John Boswell in his book Same-Sex Unions in Premodern Europe argued that marriages were celebrated between same-sex couples in medieval Europe. His conclusions engendered much controversy, and Boswell died not long after it was published. The best criticisms found fault of his interpretation of certain words in medieval Greek. I would guess that most of the people who criticized Boswell’s conclusions lacked any ability whatsoever to read medieval Greek (a position I am in as well). Boswell also cites the examples given of Roman Emperors who married men, Nero and Elagabalus. Wikipedia also notes that the Roman Empire outlawed same-sex marriage in 342 CE, and the law had a penalty of execution for those who where married to members of their own sex. Nobody passes laws in the abstract, so we can assume that there were married same-sex couples in the Roman Empire.

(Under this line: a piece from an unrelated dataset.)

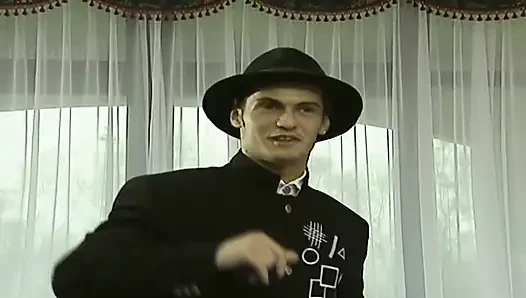 Mükemmel memeli güzel klasik genç kız için çifte penetrasyon ve ağzına boşalma
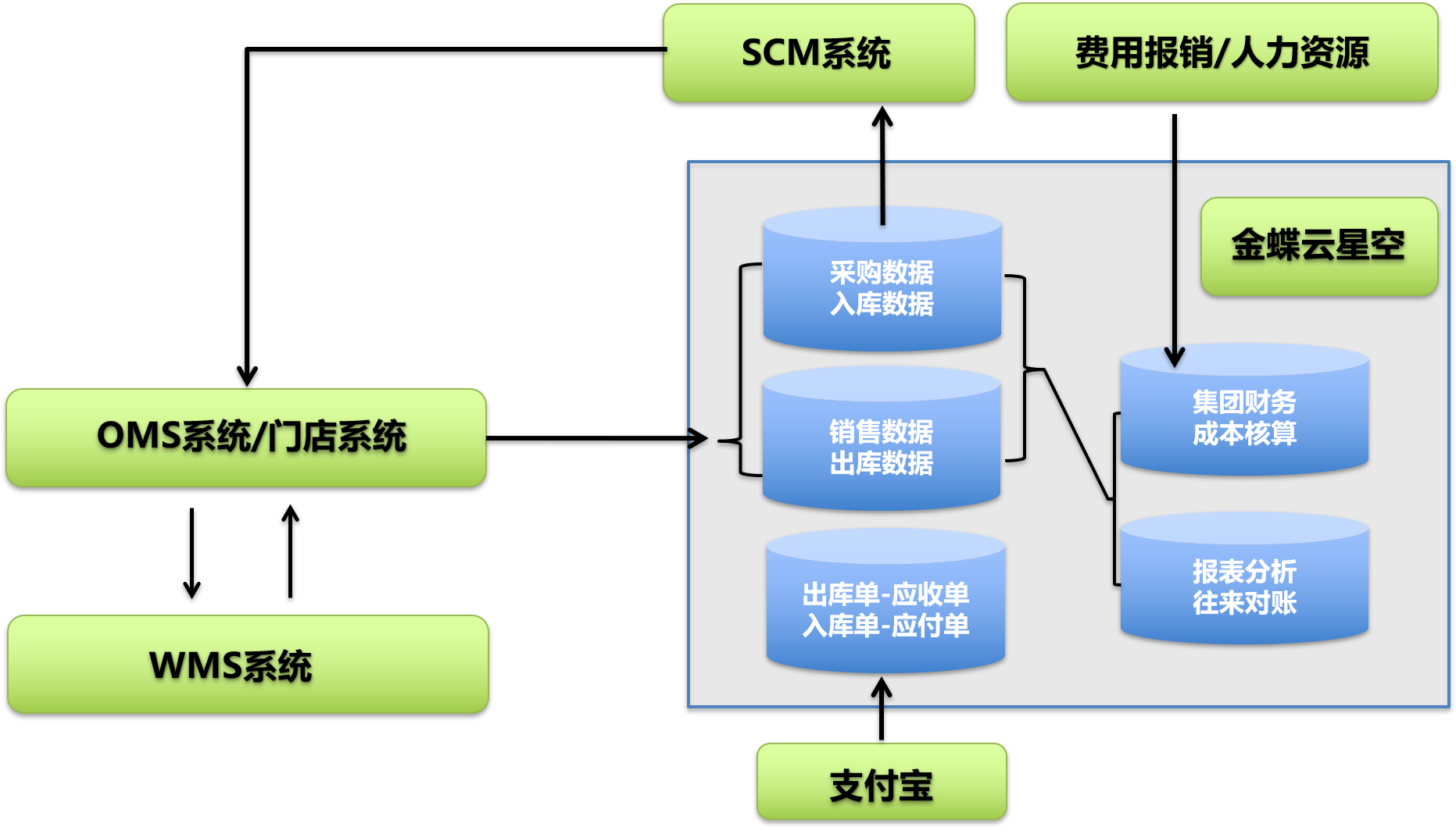 通过多系统集成方案,实现采购、仓储、销售、物流、财务等管理模块无缝集成管理,将SCM、OMS、WMS及其他业务系统的订单数据、出入库单据传递至金蝶云星空作为财务核算的依据,最终生成财务凭证,覆盖整个业务线的全过程,实现线上、线下一体化管理,打破业务与财务的数据孤岛,企业真正实现业财一体化。

If we toss Boswell out as “possible, but not definitive,” there’s still a lot to choose from. I suspect that James Davison, a classics professor at the University of Warwick might agree with Boswell. Davison specializes in the ancient greeks, but his book The Greeks and Greek Love: A Bold New Exploration of the Ancient World has a lengthy passage on cases in which same-sex couples were described using the same words as opposite-sex couples, noting that “many classicists remain wary of seeing anything sexual in the relationship between Achilles and Patroclus.”
More generally, Xonophon talks of Boeotian men associating “once they have been yoked together” (syzygenetes), a normal word for “marriage” and Sappho refers to other women as “yoke-mates.”
Later he writes that
Thucydides himself seems to provide evidence for an Athenian same-sex association when he says not merely that Areistogiton “was Harmodius’s eratēs*” but also “took him to spouse.”
The problem with the with Greek and Roman antiquity and the early medieval period that Boswell studied was that so much of this hinges on single, obscure words. But there’s more.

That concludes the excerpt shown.